Les conditions dans lesquelles ces activités apparaissent, et les contraintes sous lesquelles elles
sont exercées, leur confèrent certaines caractéristiques. « Elles sont informelles en ce sens que la
plupart ne sont ni consignées ni enregistrées dans les statistiques officielles, et qu’elles s’opèrent
sur une très petite échelle et avec un faible niveau d’organisation. La majorité d’entre elles
impliquent un très faible niveau de capital, de productivité et de revenu. Elles tendent à avoir peu
ou pas d’accès aux marchés organisés, aux institutions de crédit, à la technologie moderne, à
l’éducation formelle et aux outils de formation, et à nombre de services et aménagements
publics » (R. Hussmanns, 1997, 10). L’activité ou les activités informelles prennent de plus en
plus de l’ampleur, elles font partie de l’environnement économique et social de l’Algérie. Le lien
est étroit entre pauvreté et informel, chômage et informel, fraude et informel, contrôle de l’Etat
et informel, rareté, spéculation et informel. Les chiffres sur le secteur informel dans toutes ses
facettes ne sont pas disponibles, de par notre observation et les informations fournies par les
médias en Algérie, le secteur informel prend de l’ampleur à fur et à mesure que l’économie
évolue, il paralyse le secteur formel, voire l’économie toute entière. Qu’est ce qui explique la
tendance des acteurs économiques à l’informel ?

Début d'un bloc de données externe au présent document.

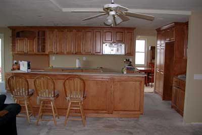 Craig installed the knobs and pulls in the kitchen.  The distressed nickel Kristi picked out goes great with the cabinets.  Tomorrow the granite counter tops arrive for installation.
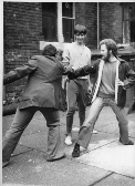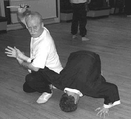 < Left: Shih-Kung Symonds demonstrating a Taoist Kung-Fu Knife Defence technique with Shih-fu Lawton (c.1998?)

On retrouve le phénomène dans les cités et les campus universitaires (coiffure, couture, saisie de
texte, commerce cigarettes et tabacs à chiquer, et d’autres d’objets utilisés par les étudiants…),
dans les villes (pain fait maison, couture, tricotage, mercerie…) ainsi que des étalages de
différents produits aux abords des routes et des trottoirs. Le porte à porte, une forme de
colportage, fait partie de ces activités avec laquelle les produits fabriqués se font écouler. Dans les
caves des bâtiments et les domiciles, les produits de l’artisanat traditionnel (bijoux, …) se
fabriquent. L’activité informelle se livre à une concurrence par les prix étant donné que les coûts
de production sont plus faibles. Des sommes exorbitantes, semblent échapper au fisc et au
contrôle de l’Etat. Depuis deux ans, l’Etat tente d’éradiquer les marchés informels (apparents)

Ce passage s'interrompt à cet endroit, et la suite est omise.